# TASK ITEM
Without including the pictures, copy each line below exactly as it reads.

# SUPPLIED MATERIAL
%%
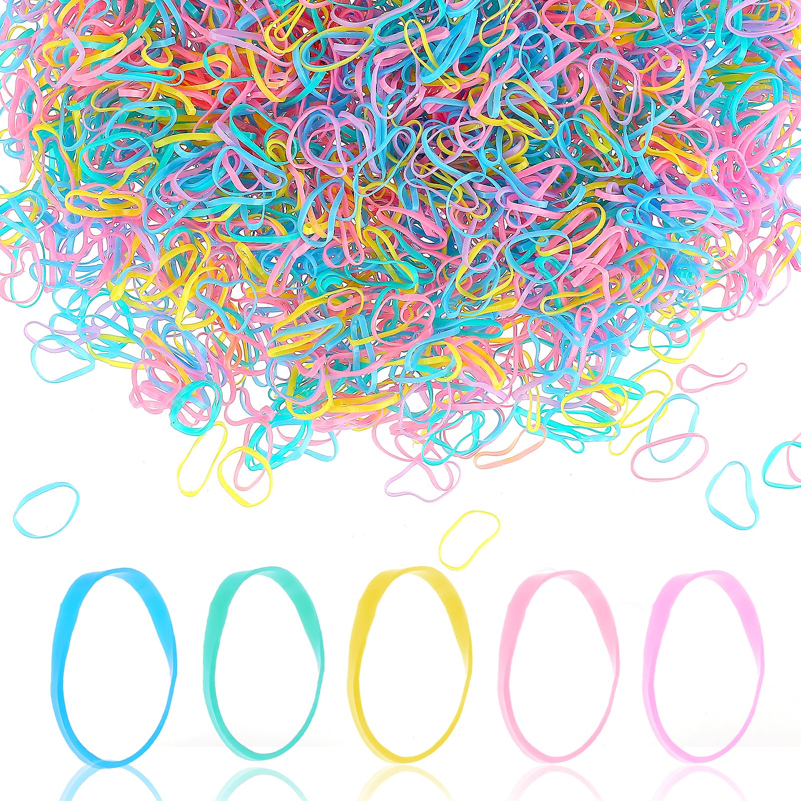 Lusofie 2500Pcs Colorful Hair Elastic Bands Small Clear Elastic Hair Bands Soft Baby Elastic Hair Ties Hair Bands for Girls, Kids, Braids Hair, Wedding Hairstyle
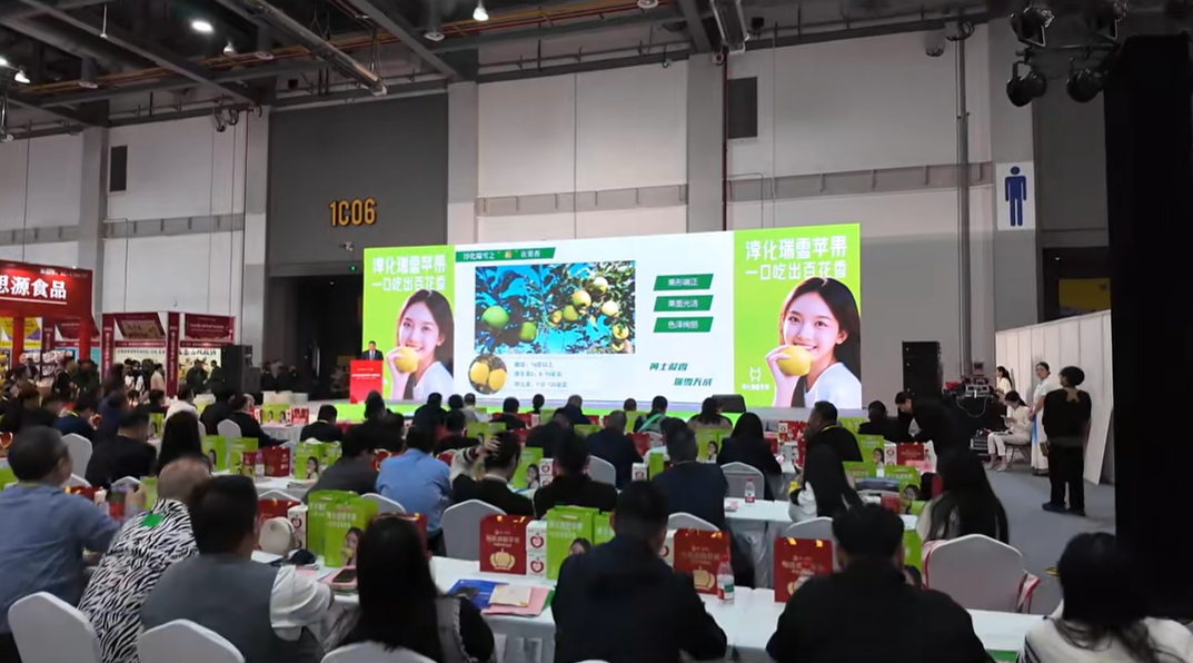 在1C-A19展位,黄中带绿、绿中透黄,果形端正、光洁如玉的瑞雪苹果整齐陈列,切开后果肉晶莹细腻,咬下时绽放复合花香,吸引了大量群众驻足品尝,众多企业家咨询洽谈。据统计,展会首日共接待采购商万人次,在订单农业、冷链物流合作等方面达成多项初步意向,为后续产销对接打下坚实基础。
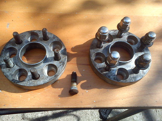 3.Набиване на подходящи шпилки-в моя случай,оригинални от някакъв джип-12мм.х 1,5.Съотвено после ще се стягат с гайките за тези болтове.
%%
# OUTPUT FOR THIS TASK
 Lusofie 2500Pcs Colorful Hair Elastic Bands Small Clear Elastic Hair Bands Soft Baby Elastic Hair Ties Hair Bands for Girls, Kids, Braids Hair, Wedding Hairstyle
 在1C-A19展位,黄中带绿、绿中透黄,果形端正、光洁如玉的瑞雪苹果整齐陈列,切开后果肉晶莹细腻,咬下时绽放复合花香,吸引了大量群众驻足品尝,众多企业家咨询洽谈。据统计,展会首日共接待采购商万人次,在订单农业、冷链物流合作等方面达成多项初步意向,为后续产销对接打下坚实基础。
 3.Набиване на подходящи шпилки-в моя случай,оригинални от някакъв джип-12мм.х 1,5.Съотвено после ще се стягат с гайките за тези болтове.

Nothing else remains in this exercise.